Record set START

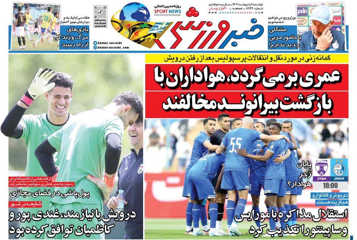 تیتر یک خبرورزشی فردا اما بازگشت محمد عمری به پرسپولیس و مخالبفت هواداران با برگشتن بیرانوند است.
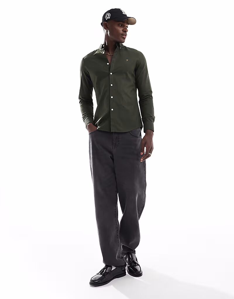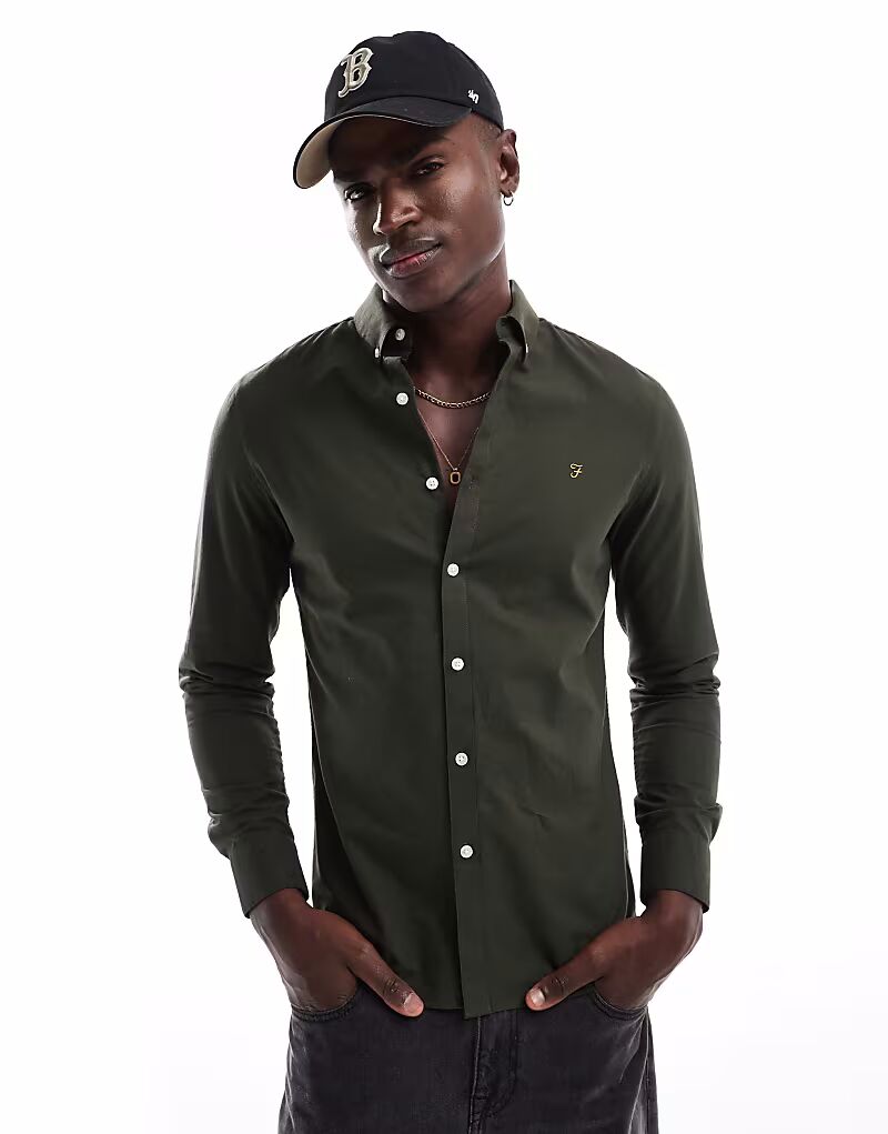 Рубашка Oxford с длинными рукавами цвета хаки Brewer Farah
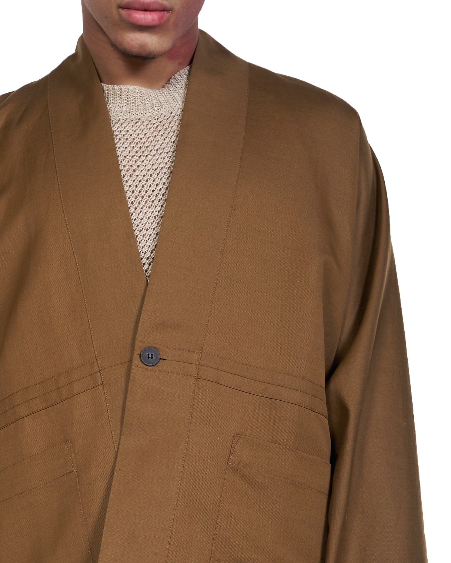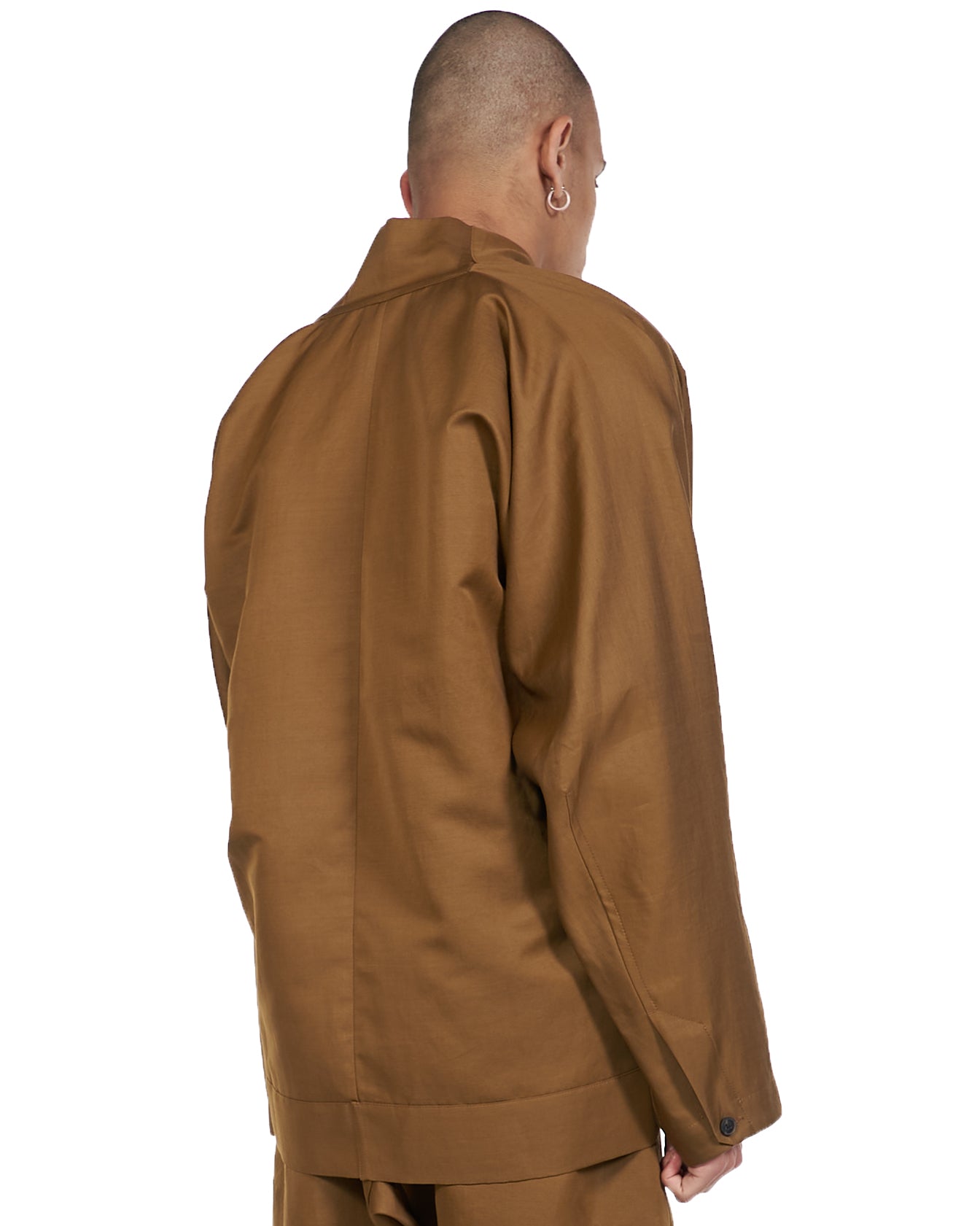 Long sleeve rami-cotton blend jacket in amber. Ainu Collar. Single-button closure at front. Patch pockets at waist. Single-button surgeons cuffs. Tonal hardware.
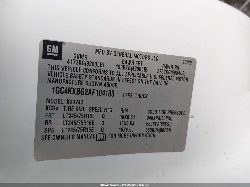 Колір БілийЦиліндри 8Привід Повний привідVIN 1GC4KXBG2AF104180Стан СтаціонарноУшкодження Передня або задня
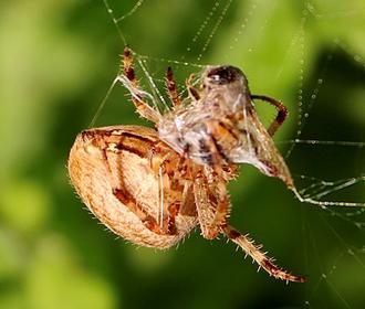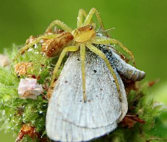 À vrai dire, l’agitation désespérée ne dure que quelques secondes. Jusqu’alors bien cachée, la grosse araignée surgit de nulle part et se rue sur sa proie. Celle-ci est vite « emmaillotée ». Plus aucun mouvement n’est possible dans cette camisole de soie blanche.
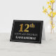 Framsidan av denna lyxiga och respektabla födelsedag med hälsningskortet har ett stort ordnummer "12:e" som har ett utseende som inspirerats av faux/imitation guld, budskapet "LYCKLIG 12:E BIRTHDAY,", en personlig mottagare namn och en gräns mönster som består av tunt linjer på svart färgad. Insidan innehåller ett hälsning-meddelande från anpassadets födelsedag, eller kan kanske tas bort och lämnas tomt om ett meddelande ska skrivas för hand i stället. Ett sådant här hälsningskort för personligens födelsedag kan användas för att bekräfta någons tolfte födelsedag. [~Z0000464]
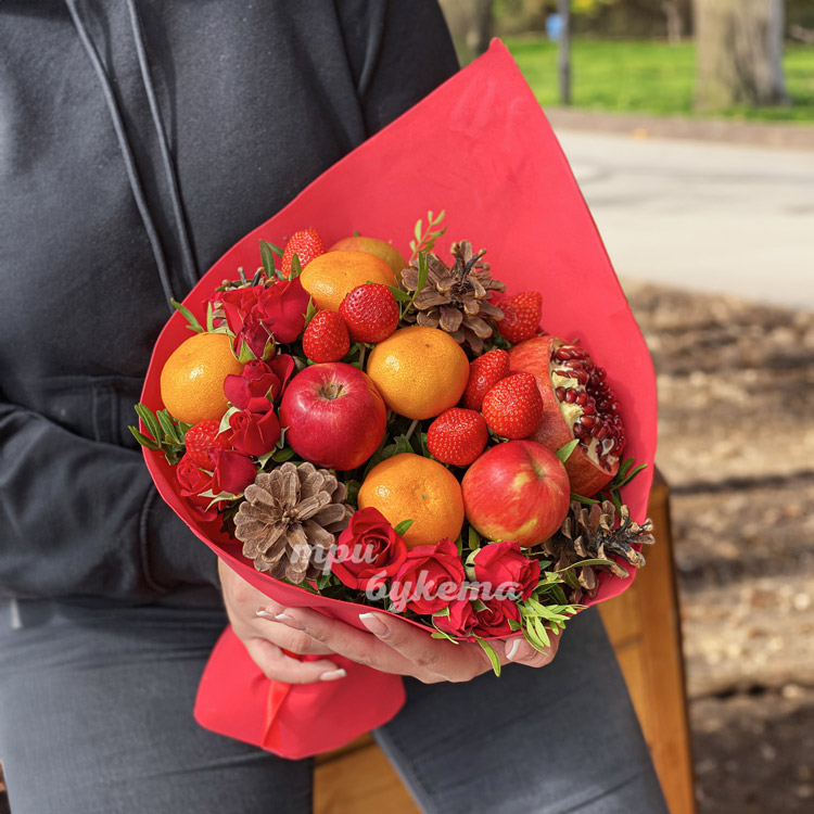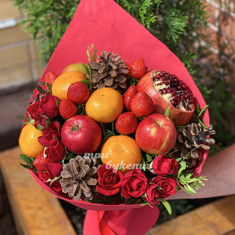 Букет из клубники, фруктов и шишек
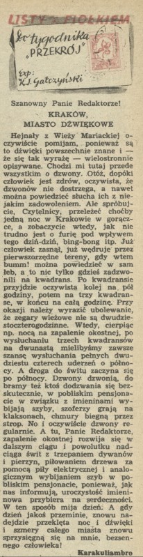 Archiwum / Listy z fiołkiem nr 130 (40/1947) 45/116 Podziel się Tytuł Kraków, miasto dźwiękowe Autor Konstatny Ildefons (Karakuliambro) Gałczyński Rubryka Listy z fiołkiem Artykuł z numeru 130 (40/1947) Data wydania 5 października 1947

Record set END

What is required: Your answer is all of the records restated word for word, pictures excluded.

Task answer:
 تیتر یک خبرورزشی فردا اما بازگشت محمد عمری به پرسپولیس و مخالبفت هواداران با برگشتن بیرانوند است.
 Рубашка Oxford с длинными рукавами цвета хаки Brewer Farah
 Long sleeve rami-cotton blend jacket in amber. Ainu Collar. Single-button closure at front. Patch pockets at waist. Single-button surgeons cuffs. Tonal hardware.
 Колір БілийЦиліндри 8Привід Повний привідVIN 1GC4KXBG2AF104180Стан СтаціонарноУшкодження Передня або задня
 À vrai dire, l’agitation désespérée ne dure que quelques secondes. Jusqu’alors bien cachée, la grosse araignée surgit de nulle part et se rue sur sa proie. Celle-ci est vite « emmaillotée ». Plus aucun mouvement n’est possible dans cette camisole de soie blanche.
 Framsidan av denna lyxiga och respektabla födelsedag med hälsningskortet har ett stort ordnummer "12:e" som har ett utseende som inspirerats av faux/imitation guld, budskapet "LYCKLIG 12:E BIRTHDAY,", en personlig mottagare namn och en gräns mönster som består av tunt linjer på svart färgad. Insidan innehåller ett hälsning-meddelande från anpassadets födelsedag, eller kan kanske tas bort och lämnas tomt om ett meddelande ska skrivas för hand i stället. Ett sådant här hälsningskort för personligens födelsedag kan användas för att bekräfta någons tolfte födelsedag. [~Z0000464]
 Букет из клубники, фруктов и шишек
 Archiwum / Listy z fiołkiem nr 130 (40/1947) 45/116 Podziel się Tytuł Kraków, miasto dźwiękowe Autor Konstatny Ildefons (Karakuliambro) Gałczyński Rubryka Listy z fiołkiem Artykuł z numeru 130 (40/1947) Data wydania 5 października 1947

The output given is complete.